- Data to examine:
◆ ◆ ◆
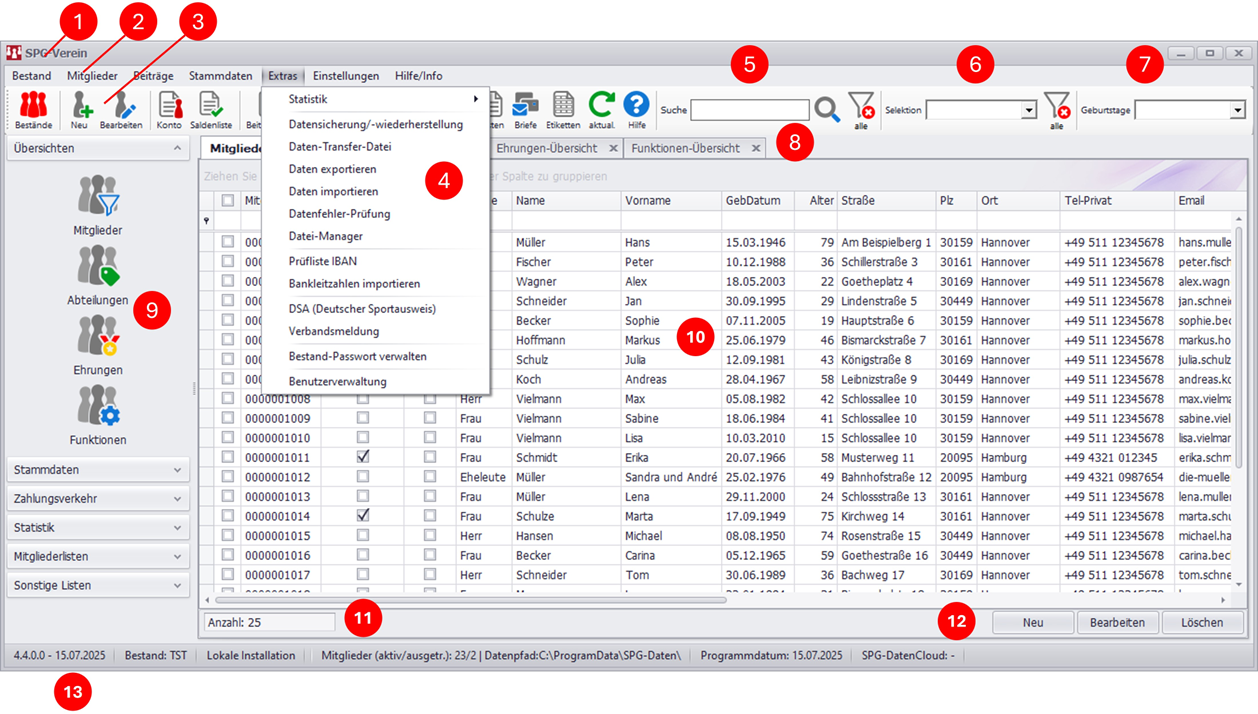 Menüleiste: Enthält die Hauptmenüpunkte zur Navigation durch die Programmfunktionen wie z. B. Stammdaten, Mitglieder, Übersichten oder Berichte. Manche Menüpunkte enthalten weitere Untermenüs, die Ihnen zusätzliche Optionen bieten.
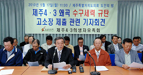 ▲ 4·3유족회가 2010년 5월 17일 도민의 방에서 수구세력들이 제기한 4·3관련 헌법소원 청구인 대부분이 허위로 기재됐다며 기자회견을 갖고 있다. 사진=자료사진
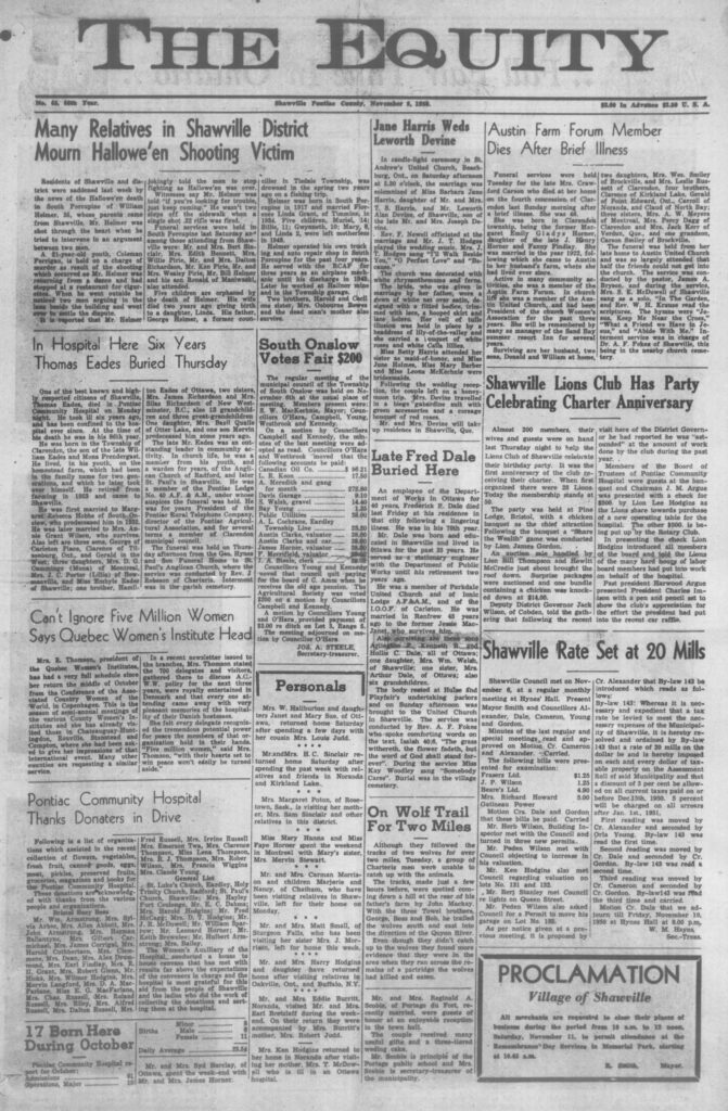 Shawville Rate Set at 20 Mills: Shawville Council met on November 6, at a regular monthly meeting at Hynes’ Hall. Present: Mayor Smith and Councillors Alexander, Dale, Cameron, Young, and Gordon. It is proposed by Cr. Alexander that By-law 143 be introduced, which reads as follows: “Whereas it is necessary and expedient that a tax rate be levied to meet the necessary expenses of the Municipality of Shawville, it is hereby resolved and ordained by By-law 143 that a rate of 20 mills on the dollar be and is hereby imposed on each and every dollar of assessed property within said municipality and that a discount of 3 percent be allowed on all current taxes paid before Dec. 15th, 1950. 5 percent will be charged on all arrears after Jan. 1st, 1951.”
◆ ◆ ◆
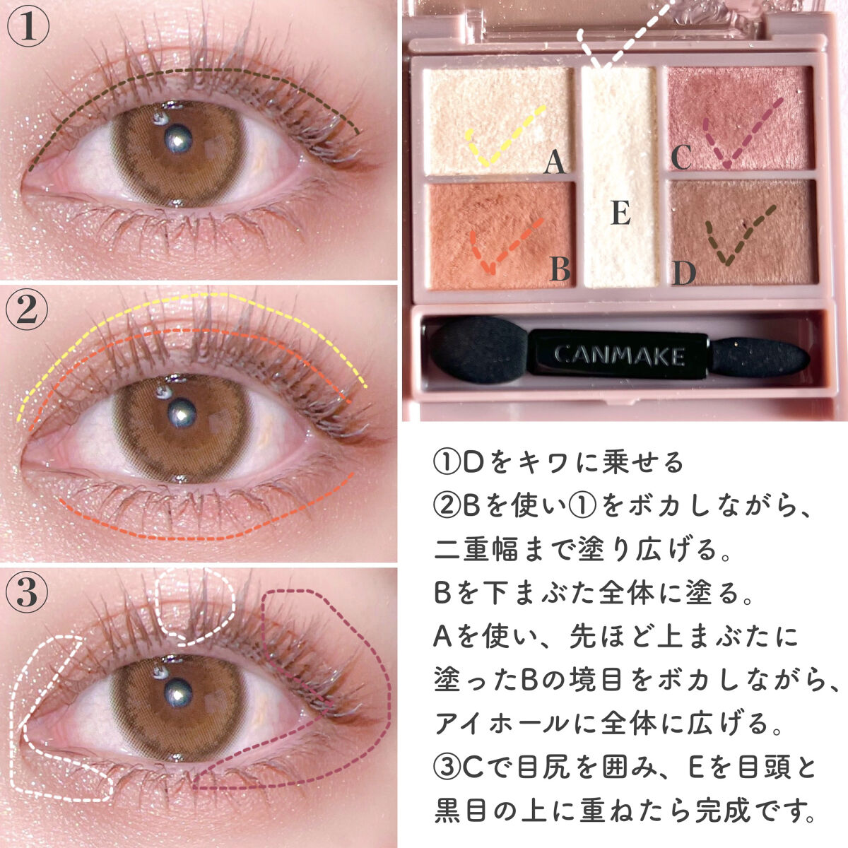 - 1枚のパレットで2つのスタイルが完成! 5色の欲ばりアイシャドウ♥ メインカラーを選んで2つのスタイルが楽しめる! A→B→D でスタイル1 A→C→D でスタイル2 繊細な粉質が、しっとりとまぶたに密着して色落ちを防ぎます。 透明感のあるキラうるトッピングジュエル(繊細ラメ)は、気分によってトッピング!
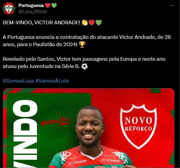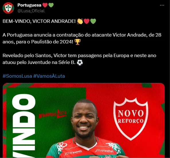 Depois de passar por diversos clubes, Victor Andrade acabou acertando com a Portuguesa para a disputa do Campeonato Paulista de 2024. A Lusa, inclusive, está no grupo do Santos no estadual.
◆ ◆ ◆
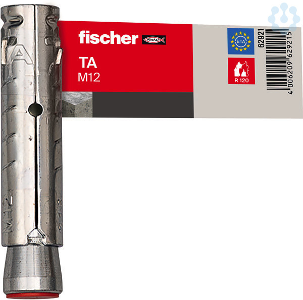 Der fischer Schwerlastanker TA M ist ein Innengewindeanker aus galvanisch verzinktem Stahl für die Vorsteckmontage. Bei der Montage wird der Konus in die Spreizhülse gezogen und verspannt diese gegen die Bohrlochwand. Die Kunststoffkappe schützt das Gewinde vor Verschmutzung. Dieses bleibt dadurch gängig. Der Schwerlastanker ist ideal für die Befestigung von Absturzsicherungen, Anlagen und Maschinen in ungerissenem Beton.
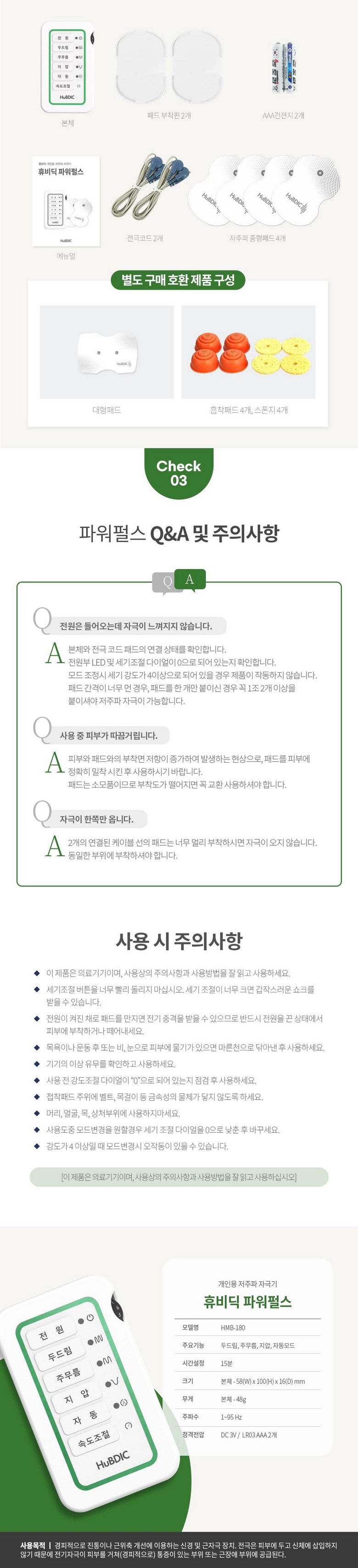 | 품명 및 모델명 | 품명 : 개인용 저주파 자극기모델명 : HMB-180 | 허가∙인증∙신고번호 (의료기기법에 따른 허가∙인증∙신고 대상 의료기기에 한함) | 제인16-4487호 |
◆ ◆ ◆
- Activity: Everything from the line above that contains "갖고 있다. 사진=자료사진" down to the line that contains "Shawville Rate Set" must be reproduced exactly, both ends included. Omit the pictures.

- Solution below:
 ▲ 4·3유족회가 2010년 5월 17일 도민의 방에서 수구세력들이 제기한 4·3관련 헌법소원 청구인 대부분이 허위로 기재됐다며 기자회견을 갖고 있다. 사진=자료사진
 Shawville Rate Set at 20 Mills: Shawville Council met on November 6, at a regular monthly meeting at Hynes’ Hall. Present: Mayor Smith and Councillors Alexander, Dale, Cameron, Young, and Gordon. It is proposed by Cr. Alexander that By-law 143 be introduced, which reads as follows: “Whereas it is necessary and expedient that a tax rate be levied to meet the necessary expenses of the Municipality of Shawville, it is hereby resolved and ordained by By-law 143 that a rate of 20 mills on the dollar be and is hereby imposed on each and every dollar of assessed property within said municipality and that a discount of 3 percent be allowed on all current taxes paid before Dec. 15th, 1950. 5 percent will be charged on all arrears after Jan. 1st, 1951.”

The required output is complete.